What is China’s Return on Investment (ROI) on stimulus? China has stimulated more than $ 600 billion in its economy to achieve high GDP growth. Do you think these all are realistic investment that will provide return in future?
Majority of Chinese investment, in the last 18 months, during recession were made on development of highways, subways, flyovers etc. however it is not sure whether these developed facilities are going to provide returns in the future. These investments were made just to achieve high growth without making proper alignment of requirement & development.
Instant question arises in my mind that is it possible for a country to achieve 10% GDP growth during the time when global economy is in deep recession. Yes it can be possible if Chinese economy was domestically driven however truth is that before the recession hits china was an export driven economy with more than 60% of revenue comes from export. This triggers further question, how can a country that was export driven before recession can achieve 10% GDP growth rate during recession by enhancing domestic consumption. This seems really next to impossible as normally it takes more than a year’s time just to shift and make an alignment from export driven economy to domestic driven economy.
India has also achieved more than 7% growth during this recession however India’s growth is a real growth, from the beginning itself India was domestic driven economy and this high growth was achieved due to increase in real consumption rather than inventory pile-up or non-required development.

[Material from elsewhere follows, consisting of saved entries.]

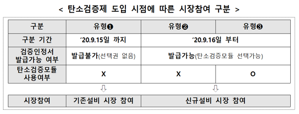 그렇다면 ‘기존설비’와 ‘신규설비’는 어떤 기준으로 구분될까요? 에너지공단에 따르면 탄소배출량 검증인정서 최초 발급시점(’20.9.16)을 기준으로 탄소검증모듈 사용 가부 및 여부에 따라 참여시장이 결정된다고 합니다. 즉 태양광 모듈 탄소검증제 도입시점을 기준으로 시장이 구분되는 것이죠. 예를 들어 탄소배출량 검증인증서 발급전까지 모듈 계약을 체결하여 탄소검증모듈을 사용하지 못한 발전소는 ‘기존설비 시장’에 포함됩니다.
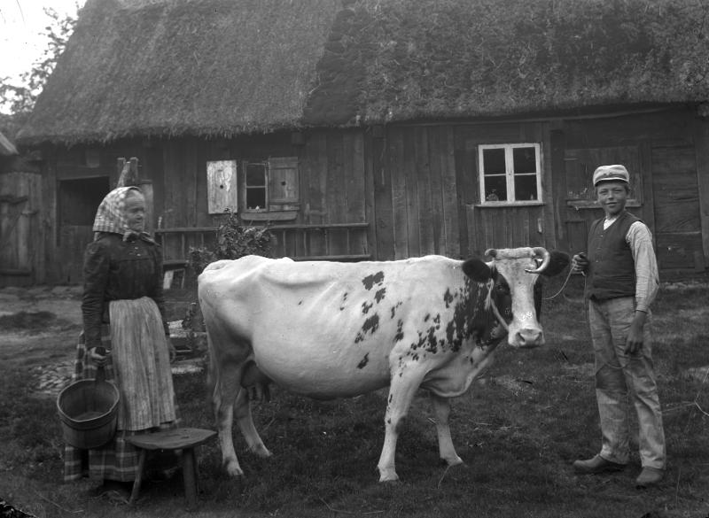 fotografi, hus, stege, piga, halmtak, landskap, gård, ko, pojke, huckle, spann, mössa, pall, kvinna, barn
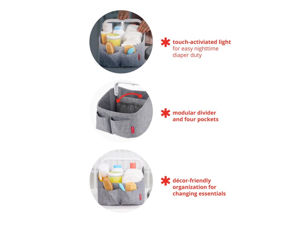 Moderná taška pre hygienické potreby Vám všetko uľahčí. Usporiadajte si plienky, obrúsky a ďalšie potrebné veci do oddelených častí tašky, ktoré krásne vytvoria zorganizovaný priestor a všetko bude pre Vás ľahko dostupné. Rovnako taška je doplnená o nočné svetlo, ktoré Vám bude veľmi nápomocné v noci. Rukoväť svieti jemne s dotykovým svetlom a funkciou automatického vypnutia po 10 minútach.Vlastnosti:
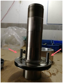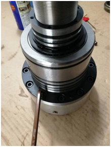 2. 将(jiang)閥軸套在(zài)活塞杆上(shang),如圖,閥軸(zhou)上有螺絲(sī)的孔位與(yu)缸體上密(mi)封圈孔位(wei)對齊安裝(zhuāng),然後通過(guo)對角鎖👈法(fǎ)鎖㊙️緊閥🔞軸(zhou)。
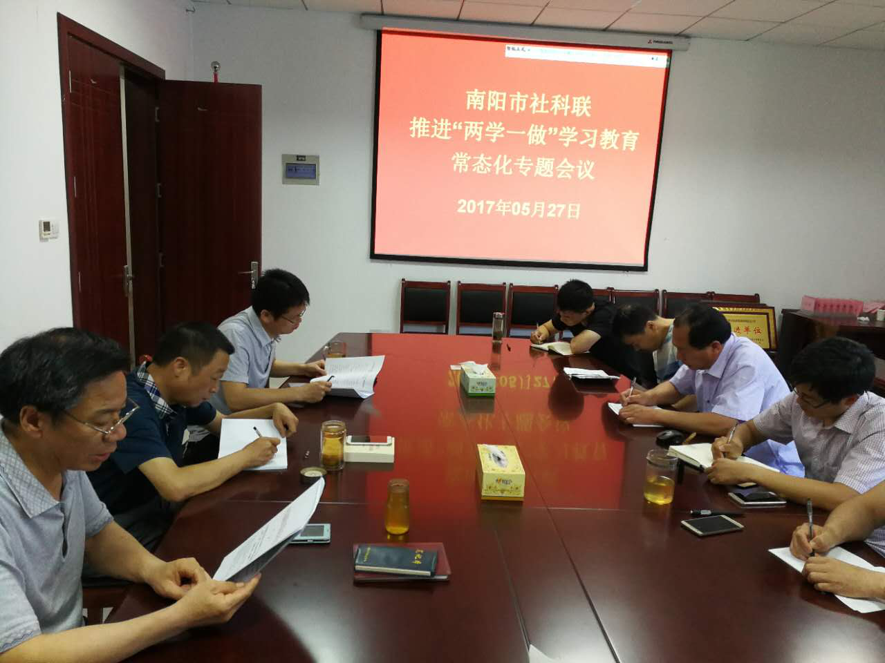 5月27日,南阳市社科联召开推进“两学一做”学习教育常态化专题会议。党组书记、副主席石峰主持会议,机关全体同志参加。会议传达了市委关于“两学一做”的安排部署,宣读了南阳市社科联《关于在机关推进“两学一做”学习教育常态化制度化的实施方案》。
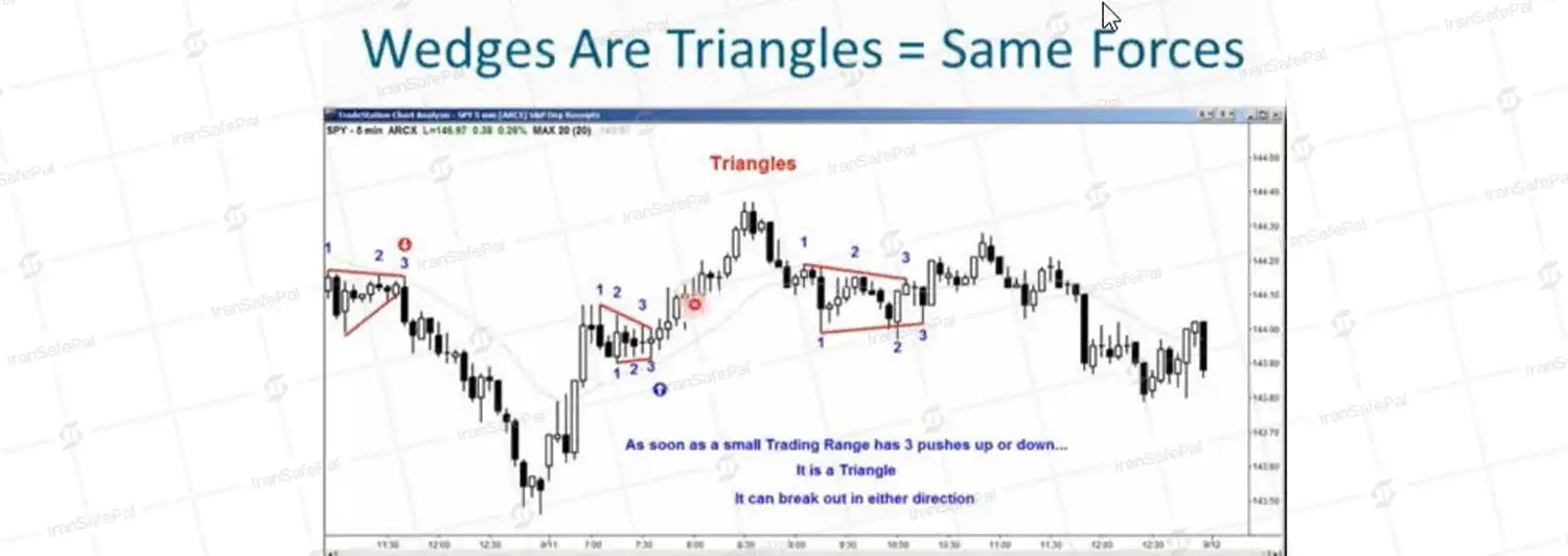 الگوی گوه و مثلث هر دو یک چیز هستند؛ یعنی فرآیند یکسانی دارند. در هر دو الگو سه حرکت داریم در اینجا افقی است. سه حرکت صعودی داریم. یک مثلث شکل گرفته است. در اینجا سه حرکت نزولی داریم؛ یک، دو و سه. افقی است و مثلث داریم. در اینجا سه حرکت نزولی داریم؛ یک، دو و سه. همچنین سه حرکت صعودی هم داریم که حرکت صعودی میتواند قبل از حرکت نزولی شکل بگیرد و حرکات نزولی هم میتوانند قبل از حرکات صعودی شکل بگیرد. اهمیتی ندارد تا وقتی که در یک دامنه معاملاتی، سه حرکت شکل بگیرد، آنگاه من آن را مثلث در نظر میگیرم چه به شکل مثلث باشد چه نباشد. برای مثال در اینجا گام دوم پایین تر از گام اول قرار گرفته است و این به شکل مثلث نیست؛ اما این پرایس اکشن عملکرد یکسانی با مثلث دارد و من آن را مثلث در نظر میگیرم و میتواند در هر جهت شکسته شود.

Now another question triggers when and how can China achieve benefits from these facilities? If these facilities can be used in future then how much will be the time lag before benefits starts coming out of it.
Does time lag between facilities buildup & usage can provide adequate desired return on investment? These are the initial trigger point that shows creation of bubble which can burst in future.

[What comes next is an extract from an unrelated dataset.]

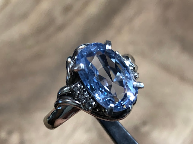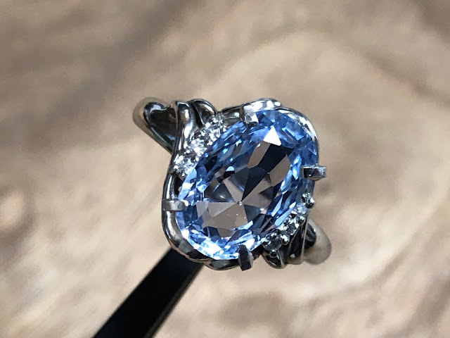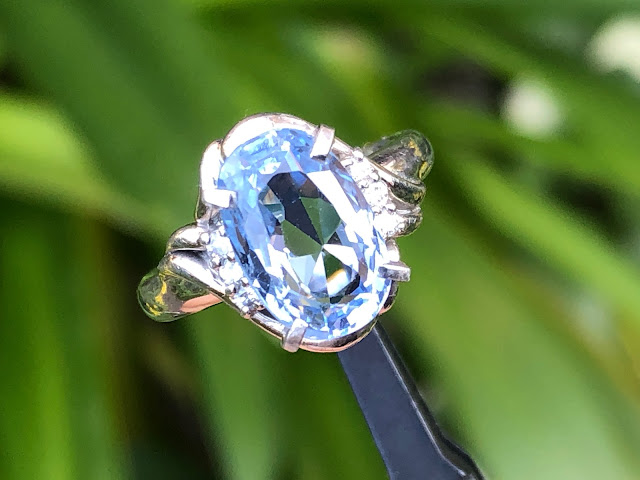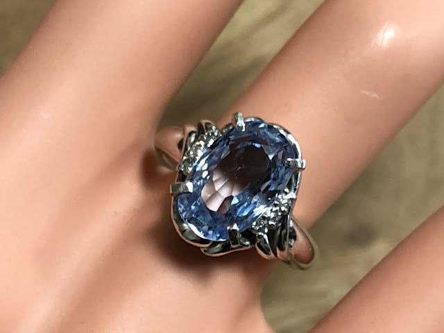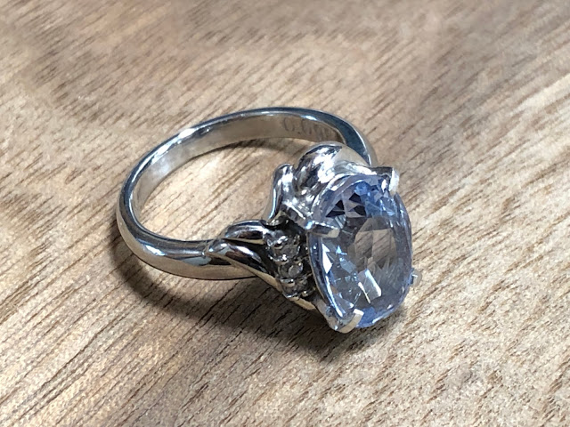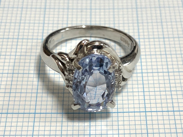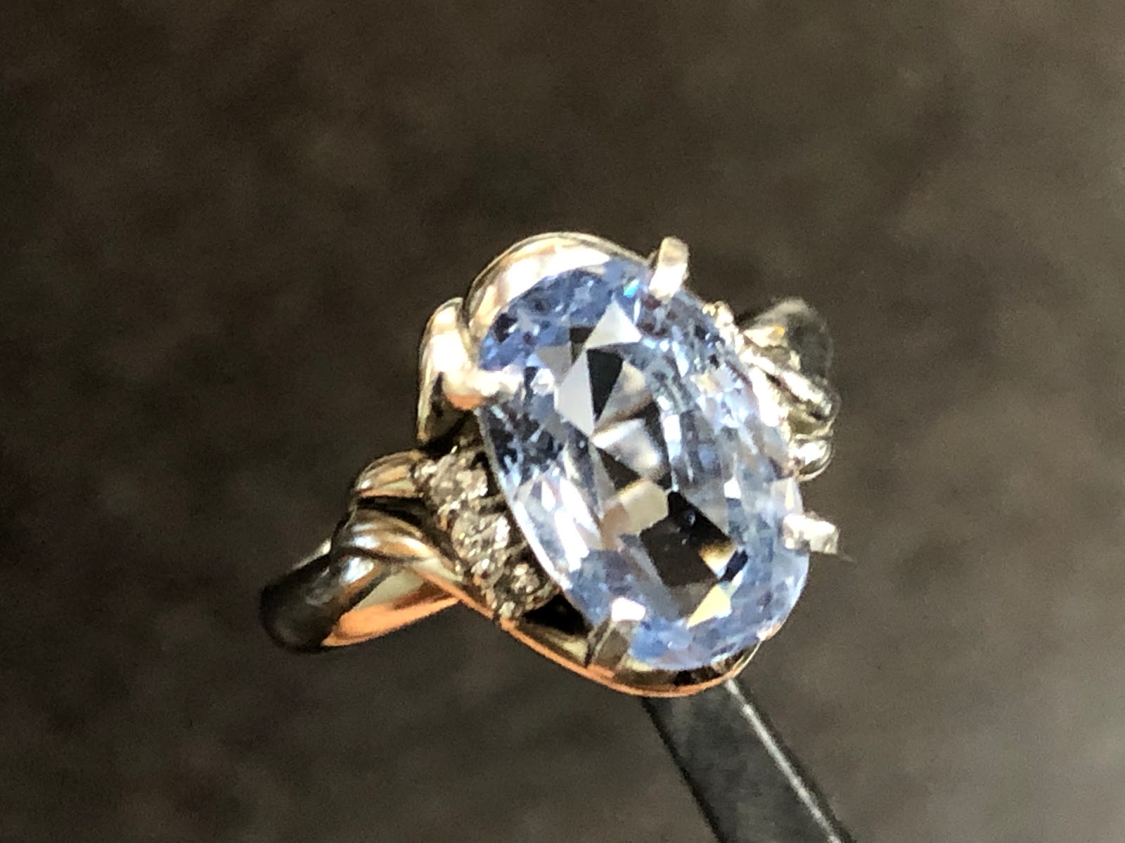 大粒サファイア ダイヤモンド Pt900 鋳造 リング #9.5 /912091

Can you imagine China as biggest bubble in world economy? Right now nobody can imagine but the way things are shaping up in China makes it reality.
One of the Consulting firms market intelligence cell has said in an Asset Allocation Submit, Asia 2010 that China is in the midst of “the greatest bubble in history” which is waiting to burst. As per the firm there is massive misallocation of wealth in China. Leveraged speculation in the stock market, wasteful allocation of resources by state-owned enterprises, off balance-sheet debt through regional governments and the country’s human rights record are concerns. Debt fuelled bubble in China may trigger a regional recession within a decade.

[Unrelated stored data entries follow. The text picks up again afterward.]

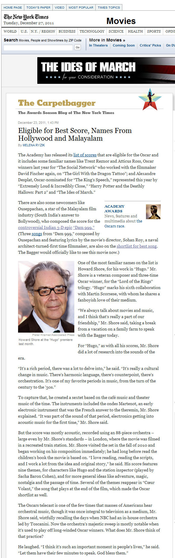 - Eligible for Best Score, Names From Hollywood and Malayalam -Carpetbagger.blogs.nytimes.com
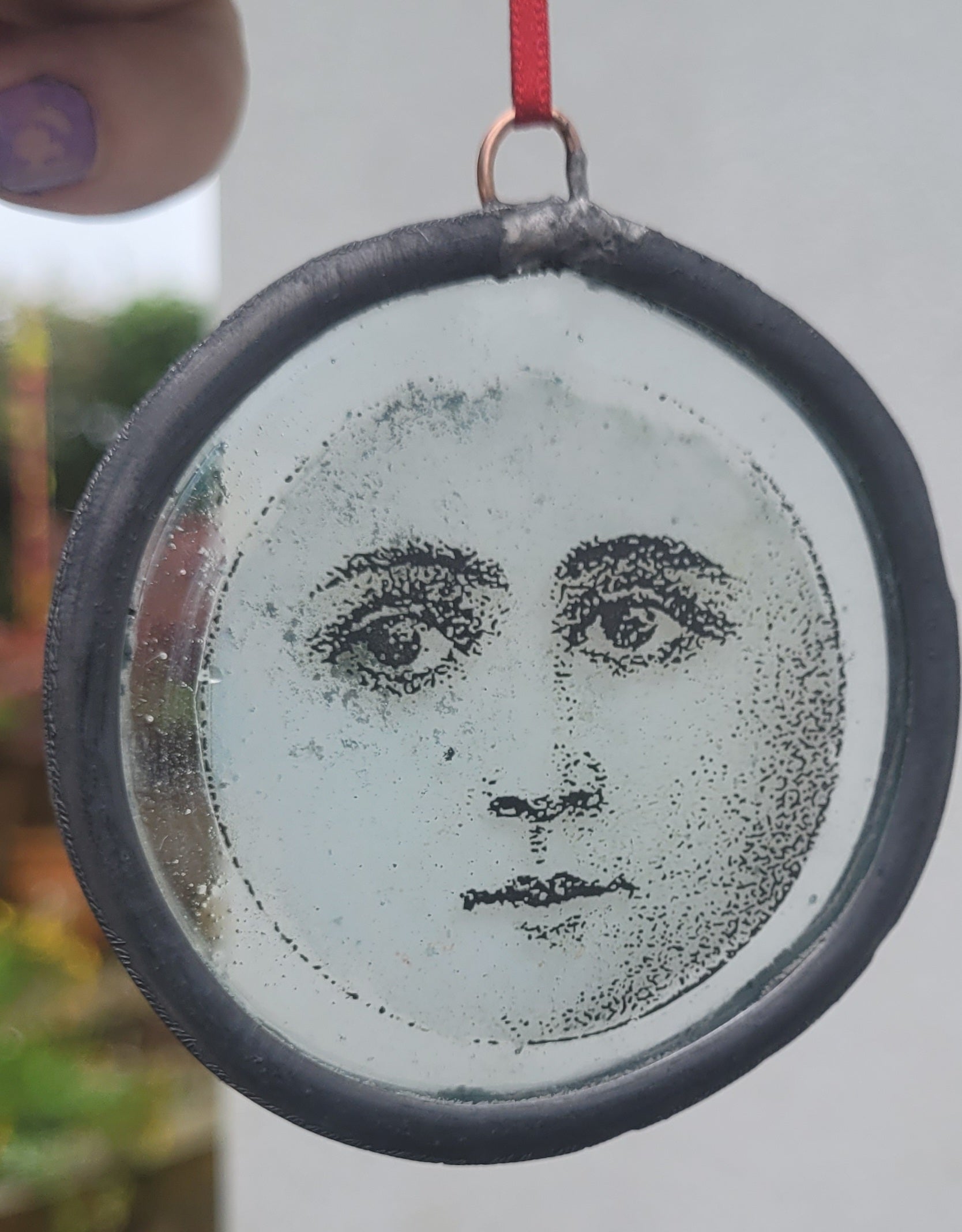 Hanging leaded fragment of the Moon. A permanently kiln fired piece of glass which has been traditionally leaded up with a soldered copper hoop on top so it can be hung in a window.
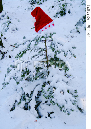 Santa Claus Hat on snowy fir
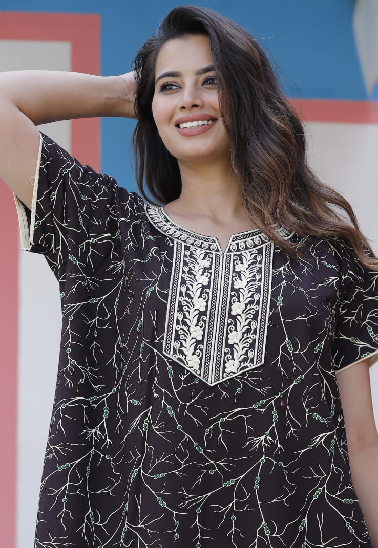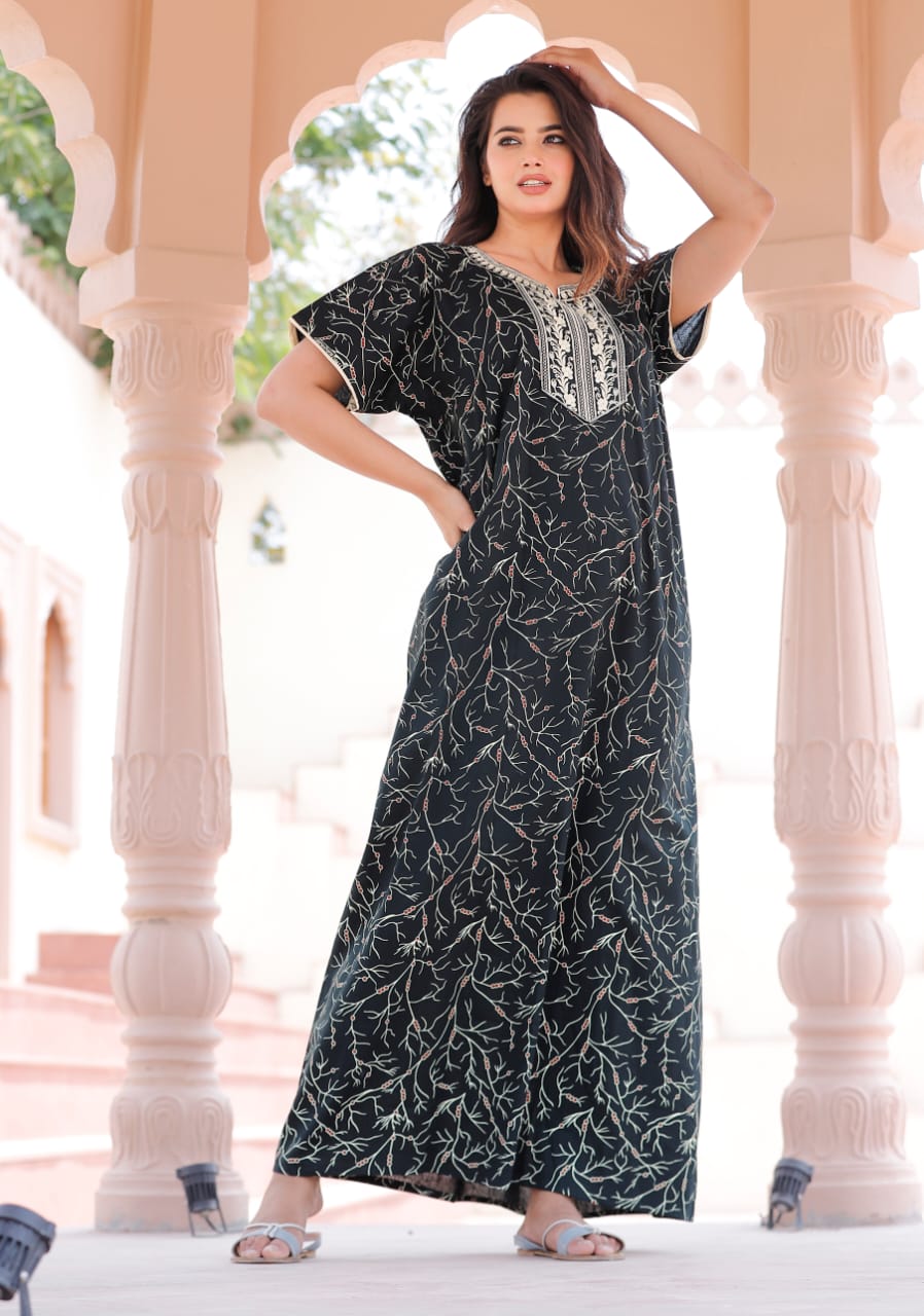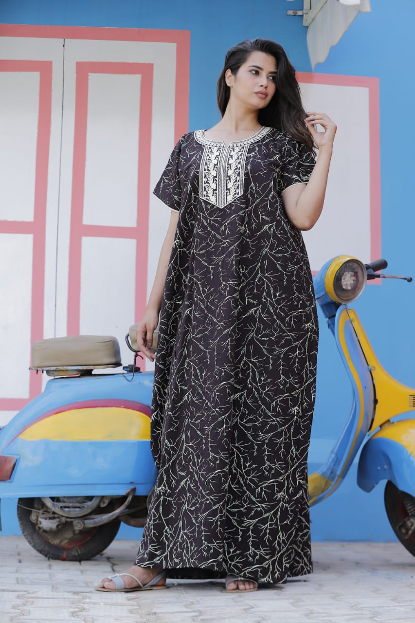 Black Cotton Nighty Night Gown Indoor Wear Comfortable Printed Night Maxi Kurti

Apart from this Washington based World Bank said in a quarterly report on China released in Beijing that China’s “massive monetary stimulus” risks trigger large asset-price increases, a housing bubble, and bad debts from the financing of local-government projects.
As per the firm, China doesn’t deserve any investment except for short-term speculation, only India and Brazil are two of the “real economies” among the developing countries.
However reality is that China remained the largest overseas owner of US debt after trimming its holdings by $5.8 billion in January to $889 billion. China will suffer massive losses if the debt was dumped, reducing the funds available in the US securities market and forcing the prices lower.
What’s your take on Chinese economy? Do you think it is a biggest bubble waiting to burst? It will be great to have your comment…………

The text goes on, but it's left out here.